Post by KyleAAA » Sat Feb 09, 2019 1:33 pm

go_mets wrote:
Thu May 31, 2018 2:33 pm
market timer wrote:
Thu May 31, 2018 11:04 am
dustinst22 wrote:
Thu May 31, 2018 9:55 am
I'm going to guess affiliate marketing.

I'm in a similar boat (if affiliate marketing is your niche). I will probably pivot to real estate once the well is totally dry.
mobi wrote:
Wed May 30, 2018 10:17 pm
I've been reading this forum for more than a year and decided to register after reading your post. I'm in the same exact situation. Around the same amount of money, but 40 years old. I did affiliate marketing for almost 10 years. I don't have any advice, I tried living on the beach for 1 year, but it was boring. I have a bunch of free time, and it seems that I can't get myself into a new career or business after I made money online. I loved my career but died slowly. After I realized my business had days counted I moved to a low cost of living area.
Am I the only one who would like to see a discussion of how to make $3mn+ on affiliate marketing?

I suspect those who actually have done it aren't going to share their knowledge.
Notice they only come here to Bogleheads *after*.

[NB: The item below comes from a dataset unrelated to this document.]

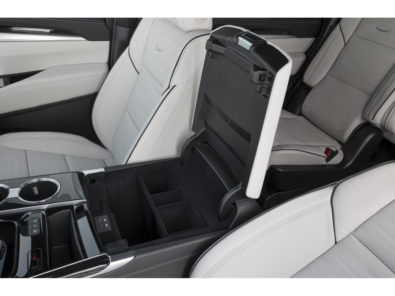 - Console, floor with covered storage, large and small storage bins, dual cup holders, electronic climate controls and second row heated seat controls. Also includes auxiliary power outlet, USB A/C ports and 110-volt outlet (Upgradeable to (DCK) Console refrigerator.)
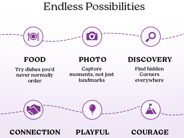 You travel together and want more laughs, more stories and fewer “what do you want to do?” debates. You’re up for playful challenges that shake things up.

And those who do "share" are like those infomercials on TV promising riches galore.


.
It's an EXTREMELY collaborative community, actually. and it's easy to find people willing to help you out. I made pretty good money in affiliate marketing (not $3mm, but full-time livable money) for a few years. There are a lot of scammers out there, too. But you can learn most of what you need for free. My knowledge is likely outdated at this point but my advice is to just start a blog and join a community. Marketers in general don't see each other as competitors except in very specific cases.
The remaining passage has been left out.